Executive director of Oregon's Rural Organizing Project (ROP), Westerling is hard to bully. But during some of her most heated crusades against right-wing groups, she's been thankful she wasn't targeted for violence. Westerling confides that the 'No on 9' campaign was especially scary. During this battle in 2000, the ROP and other organizations on the left fought-and narrowly defeated-Measure 9, a.k.a. "No Promo Homo", an anti-gay initiative to ban public schools from "encouraging" homosexuality. "I have watched a lot of sad moments along the way where people have gotten hurt; the worst being Michelle and Roxanne, two of our leaders from Southern Oregon."
Again the veteran organizer pauses, this time in remembrance of Michelle Abdill and Roxanne Ellis, two lesbian activists who were murdered in Medford, Oregon in 1995. Their killing, many believed, was linked to their high profile as campaigners against the latest anti-gay initiative sponsored by the ROP's nemesis, Lon Mabon of the Oregon Citizens Alliance. Westerling had been in the trenches, metaphorically, with Adbill and Ellis until they were abducted and later found shot dead, execution style.
Even though she can dredge up a docket of threats, Westerling says she and the other two women who make up the paid staff at ROP try to keep a good sense of humor. Based in her hometown of Scappoose, Oregon, a small lumber town twenty-five miles outside of Portland, ROP was built by Westerling on a foundation of grassroots activism. The group focuses its effort on what she calls "protecting democracy," and a good chunk of its work goes into advocacy for gays and lesbians in Oregon's socially parched communities. Talking to Westerling (who identifies as queer), you're convinced: these bucolic, roll-up-your-sleeves dogfights aren't as sexy as the splashy gay issues that make headlines every morning. But, without question, they are equally as important.
A thousand miles away, on the northern front of the war for rural America, you can still hear the Midwest in Christine Kaufmann's voice when she says she doesn't fault the gay movement for not focusing more on rural issues. "Every movement neglects rural issues, "says the fifty-one-year-old activist. "[That's because] political power comes with numbers."

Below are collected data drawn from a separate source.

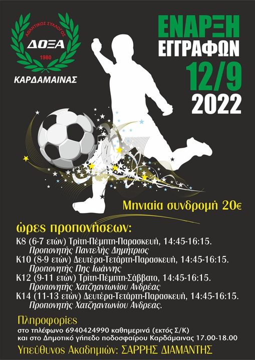 Έναρξη Εγγραφων!!Η Δοξα Καρδαμαινας ξεκινάει τη νέα χρονιά, με μεγάλη διάθεση και αισιοδοξία!Έλα και εσυ στην οικογένεια μας!Ευχόμαστε καλή αγωνιστική χρονιά με υγεία και πολλές επιτυχίες!Σας περιμένουμε όλους
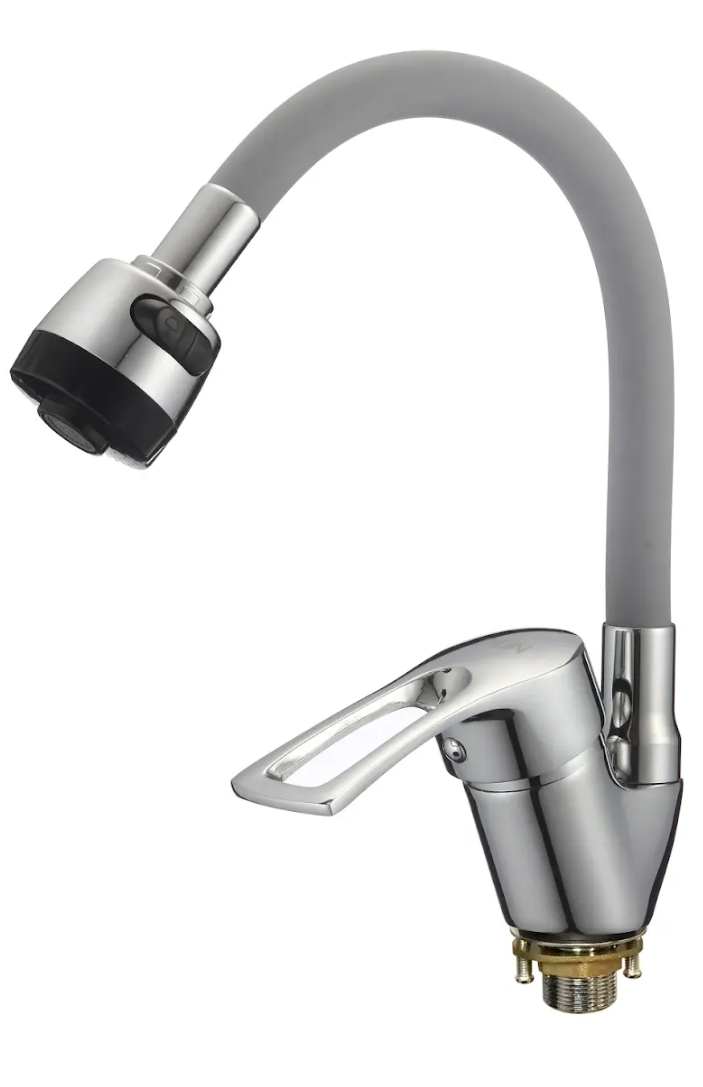 Смеситель для кухни с силиконовым изливом, серый+хром, D-Lin D150422-2T
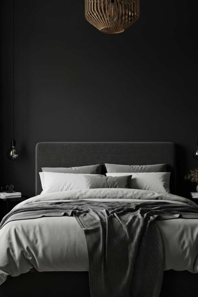 Charcoal is one of the most forgiving dark shades for small bedrooms. It feels softer than pure black while still delivering depth and mood. When used on walls, charcoal creates a cocoon-like effect that makes the room feel intentional rather than tight. This is why many modern dark bedroom ideas for small rooms begin with this shade.

But Kaufmann doesn't mind being the underdog in the numbers game. She is co-director of the Montana Human Rights Network, a Helena-based grassroots organization that brings solidarity to social justice groups around the state. Along with facilitating the network, MHRN publishes "news flashes" monitoring radical right groups. Currently the MHRN has its eye on up to fifteen groups that pose serious threats to democracy in general and the LGBT community in particular, including Aryan Nations, World Church of the Creator, the Militia of Montana. Since she came of age in the Midwest, the long-term politico has also been openly gay.
Kaufmann grew up on a farm in Illinois and knows first-hand the issues-unemployment, religious conservatism, and racism-that face most non-urban Americans. As a result, she believes the most effective way to reclaim rural Montana is a multi-issue, progressive movement. "We tend [in progressive circles] to be single issue.we really need a movement that has wrapped all those progressive ideas up together so when we take power-and we will-we'll have a better world for everybody, not just a few gays and lesbians."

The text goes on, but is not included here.